ECLI:NL:RVS:2024:431
Raad van State
- Voorlopige voorziening
- Rechtspraak.nl
Voorlopige voorziening in vreemdelingenrechtelijke zaak betreffende machtiging tot voorlopig verblijf
In deze zaak heeft de voorzieningenrechter van de Afdeling bestuursrechtspraak van de Raad van State op 1 februari 2024 uitspraak gedaan over een verzoek om voorlopige voorziening. De staatssecretaris van Justitie en Veiligheid had eerder een aanvraag van een vreemdeling om een machtiging tot voorlopig verblijf afgewezen op 22 juli 2022. Hiertegen heeft de vreemdeling bezwaar gemaakt, maar dit bezwaar werd op 20 februari 2023 door de staatssecretaris ongegrond verklaard. De vreemdeling heeft vervolgens beroep ingesteld bij de rechtbank Den Haag, die op 21 december 2023 het beroep gegrond verklaarde en het besluit van de staatssecretaris vernietigde. De rechtbank heeft de staatssecretaris opgedragen om een nieuw besluit te nemen op het bezwaar van de vreemdeling.
Tegen deze uitspraak heeft de staatssecretaris hoger beroep ingesteld en verzocht om een voorlopige voorziening, zodat hij de uitspraak van de rechtbank niet hoeft uit te voeren totdat de Afdeling op het hoger beroep heeft beslist. De voorzieningenrechter heeft overwogen dat de beoordeling van de grief nader onderzoek vereist, wat niet goed past in deze procedure. Gelet op de belangen van zowel de staatssecretaris als de vreemdeling, heeft de voorzieningenrechter besloten om de voorlopige voorziening te treffen.

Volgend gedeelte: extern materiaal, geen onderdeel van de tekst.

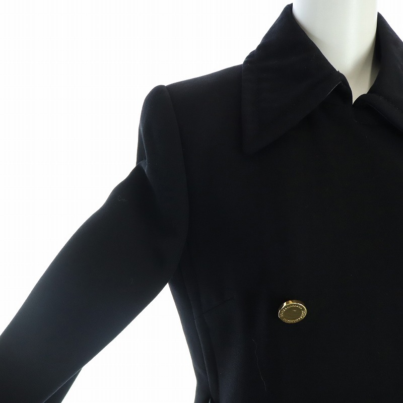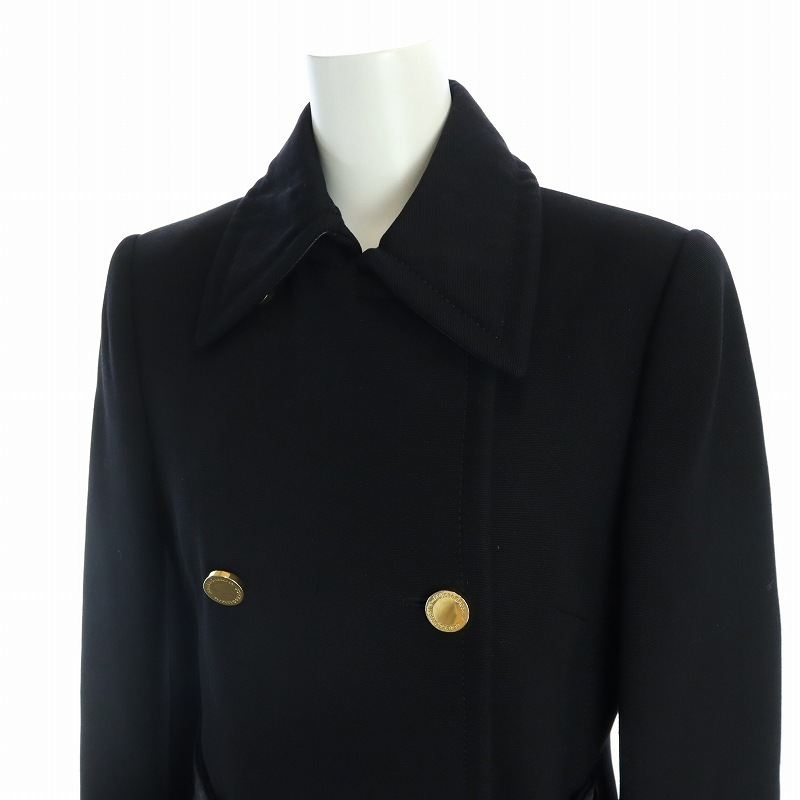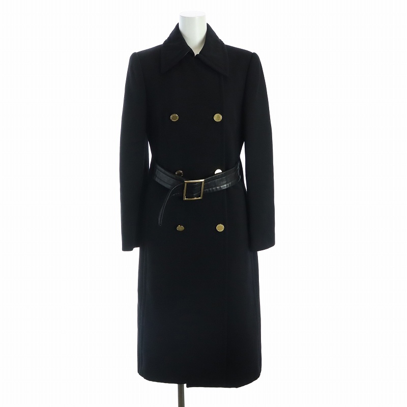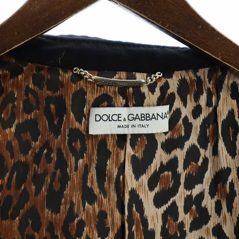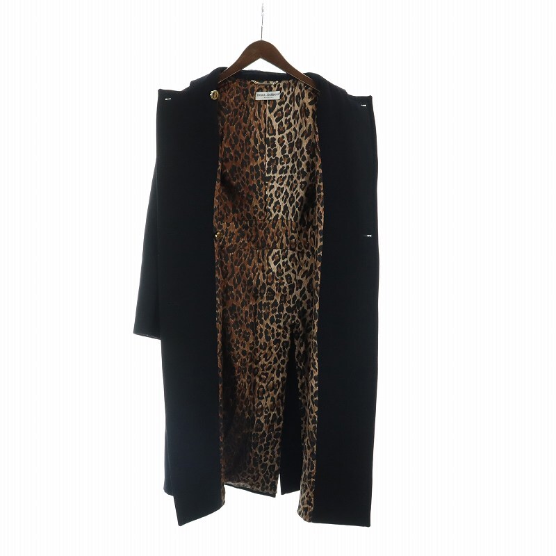 ドルチェ&ガッバーナ ドルガバ DOLCE&GABBANA ダブルコート ロング 長袖 金ボタン レオパード柄 ヒョウ柄 ベルト付き ロゴ 黒

De voorzieningenrechter heeft bepaald dat de staatssecretaris van Justitie en Veiligheid geen uitvoering hoeft te geven aan de uitspraak van de rechtbank totdat de Afdeling op het hoger beroep heeft beslist. De staatssecretaris hoeft geen proceskosten te vergoeden. De uitspraak is gedaan door mr. J.J.W.P. van Gastel, in tegenwoordigheid van mr. J. van de Kolk, griffier.